Metropolitan South Institute of TAFE
- Type: TAFE Institute
- Students: 30,000
- Location: Brisbane, Queensland, Australia
- Campus: Mount Gravatt, Alexandra Hills, Loganlea, Browns Plains, Beaudesert
- Website: http://www.msit.tafe.qld.gov.au

= Metropolitan South Institute of TAFE =

Metropolitan South Institute of TAFE (also known as MSIT or Metro South TAFE) was a progressive, public provider of technical and further education college within Queensland, Australia. MSIT operated in the highly competitive vocational education and training sector. The college offered 270 courses for approx 30,000 students enrolled each year. MSIT also provided fee for service corporate training and small business coaching programs.

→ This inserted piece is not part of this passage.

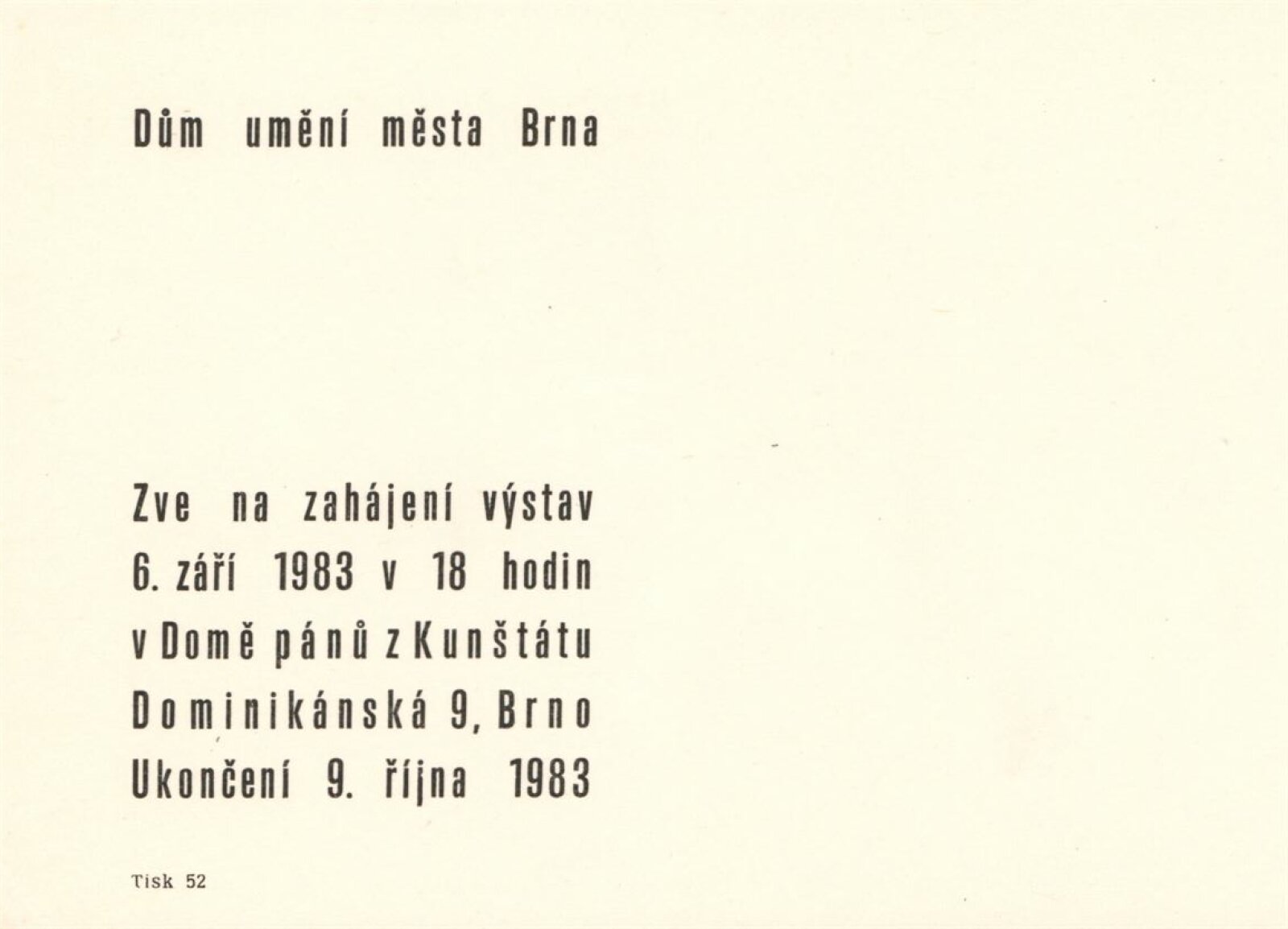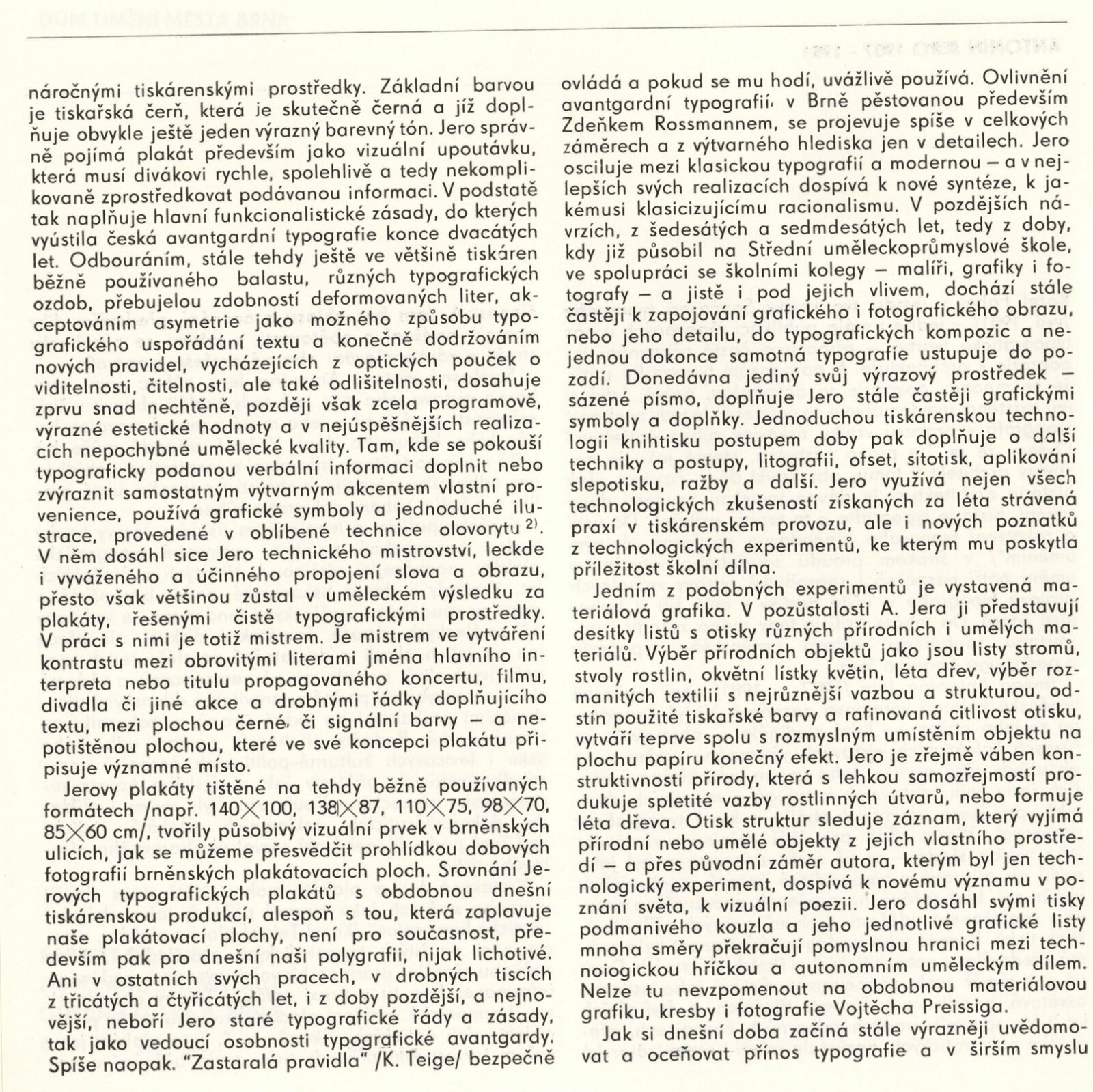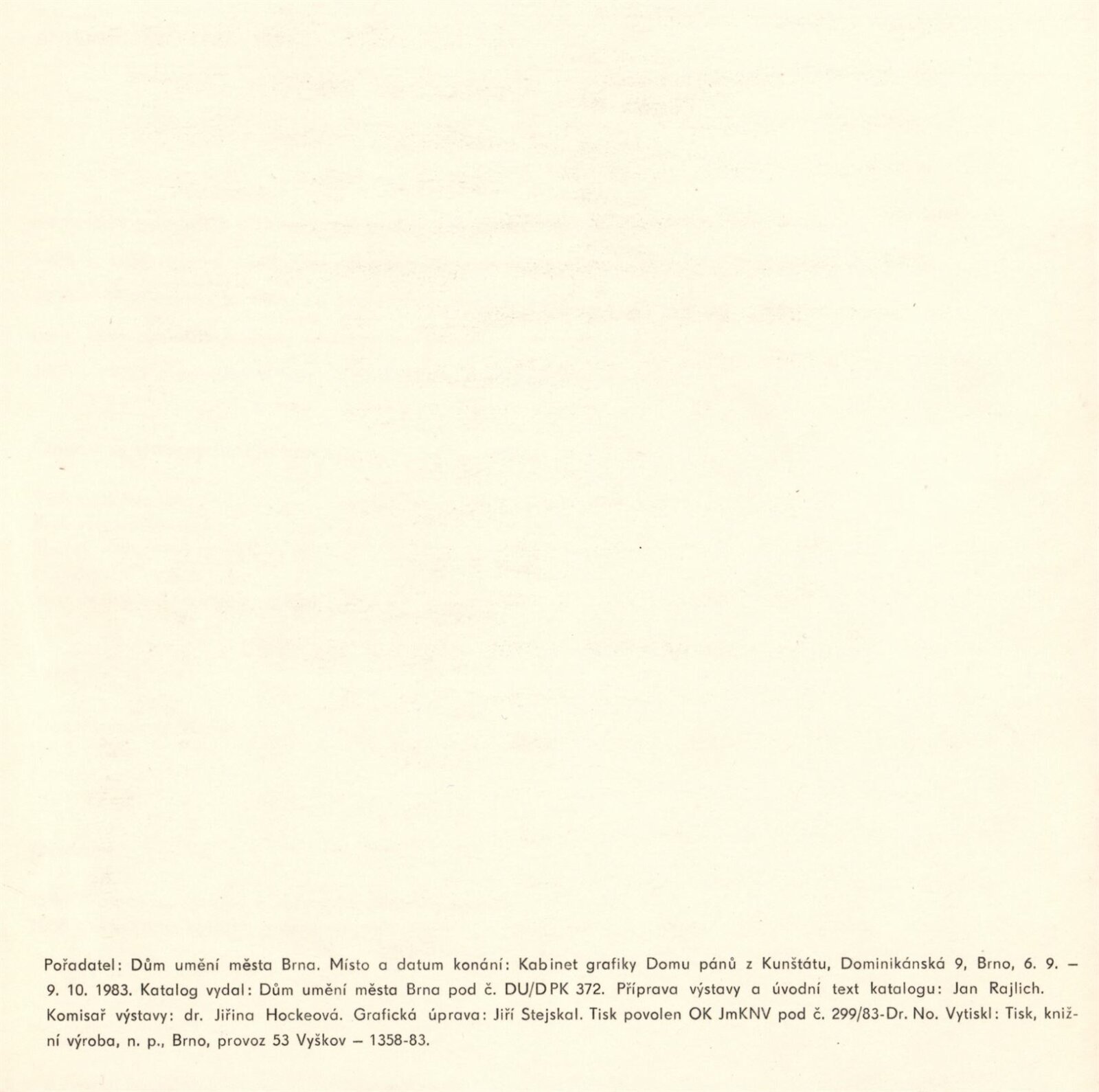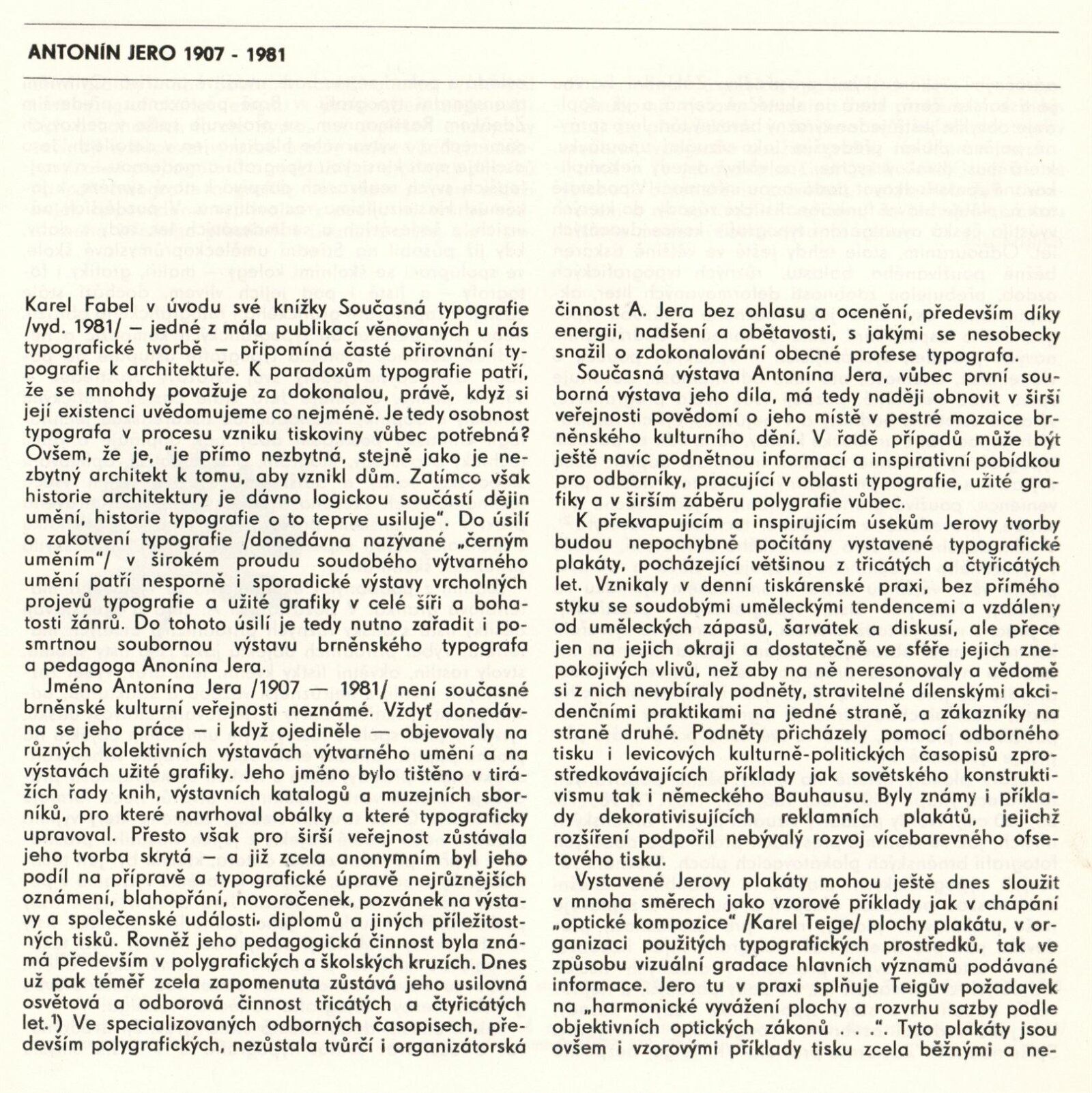 Antonín Jero 1907–1981. Typografie, grafika: Dům umění / Dům pánů z Kunštátu, Kabinet grafiky, 6. 9. – 9. 10. 1983 / Text: Jan Rajlich. – Brno: DUmB, 1983. – 12 s., obr., životní data, výstavy, ceny, DPK 805. – MZK; MG; MMB

In 2012, MSIT became the first TAFE college to deliver higher education bachelor's degree programs in Queensland, initially in disciplines such as accounting, early childhood teaching, film and television, or fashion design. MSIT established a strong list of links with Australian and international universities, enabling graduating students to earn credit towards additional qualifications with a university.

MSIT also developed and ran a unique alternative to high school (Year 12) senior studies programs from its Alexandra Hills campus. For almost two years MSIT was Queensland's only tri-sector education provider, delivering qualifications and training for secondary, vocational and higher education.

On 19 May 2014 MSIT ceased operations as its own entity (due to policy and structural changes announced by the Queensland state government), leading to an amalgamation with Brisbane North Institute of TAFE and Southbank Institute of Technology, to become TAFE Queensland Brisbane under the new statutory body called TAFE Queensland. Prior to amalgamation, the Alexandra Hills campus was known as the Moreton Institute of TAFE.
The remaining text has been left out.